I think you're right about HotSpot GC not using read barriers. I was mixing it up with the Azul GC, which uses read barriers.
> If you have concurrent mark-and-sweep and stop the world only during compaction phases, read barriers are unnecessary.
Do you know if it's possible to bound the pause caused by the compaction phase to some ceiling, like 2 ms for example? I'm asking because it's a goal of Go' GC to limit GC pauses.
Here is an excerpt from the recent proposal on non-cooperative goroutine preemption [1], relevant to our discussion on GC and interior pointers:
> Many other garbage-collected languages use explicit safe-points on back-edges, or they use forward-simulation to reach a safe-point. Partly, it's possible for Go to support safe-points everywhere because Go's GC already must have excellent support for interior pointers; in many languages, interior pointers never appear at a safe-point.
> [...]
> Decoupling stack-move points from GC safe-points. [...] Such optimizations are possible because of Go's non-moving collector.
G1 has read barriers for SATB marking. Whether a read barrier is used or not is a function of which GC is used so can’t really say “Hotspot doesn’t use read barriers”.
Do you have a reference on G1 read barriers? I believe you, but I can't find any information about that from a Google search.

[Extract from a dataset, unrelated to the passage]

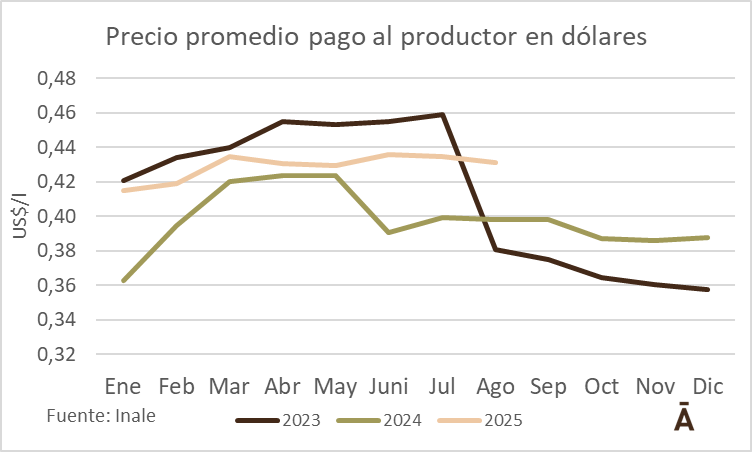De acuerdo a los datos que divulgó el Inale, el precio promedio que pagaron las industrias por la remisión de agosto se ubicó en $ 17,26 por litro versus los $ 17,49 de julio (-1,4%). En tanto, en dólares el valor medio se ubicó en US$ 0,43 por litro, en baja de 0,3% versus el mes anterior.

I don't immediately see why you'd need a read barrier for snapshot-at-the-beginning. You only need to trace references from gray objects to white objects that were deleted, which is a write.

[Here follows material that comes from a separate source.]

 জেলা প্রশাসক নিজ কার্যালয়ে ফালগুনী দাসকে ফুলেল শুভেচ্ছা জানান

.NET doesn't have heap interior pointers (today), but that doesn't matter for this argument. You still need to be able to mark objects as live even if they're only referenced by interior pointers.
> .NET doesn't have heap interior pointers (today), but that doesn't matter for this argument.
I think it matters for this argument.
You are arguing that designing a garbage collector which is concurrent, low latency (pauses < 5 ms), compacting, generational, and supports interior pointers, is easy.
You mentioned C#/.NET as an example, but C# doesn't have interior pointers (from heap to heap, not from stack to heap which is possible).
As far as I know, neither Java, .NET, Go, Haskell, OCaml, D, V8 or Erlang satisfies all these requirements at the same time.
I'm not saying it's impossible, and Ian Lance Taylor in the thread I linked earlier is not saying either. I'm just saying it's certainly hard.
If it would be so easy, then most languages would already have interior pointers and a concurrent, low latency, compacting, generational GC. That's the whole difference between "today" (as in your comment) and "tomorrow".
Also, I don't believe that the HotSpot GC needs to use read barriers. Read barriers are only necessary if you're concurrently compacting objects (like Azul C4 does). If you have concurrent mark-and-sweep and stop the world only during compaction phases, read barriers are unnecessary.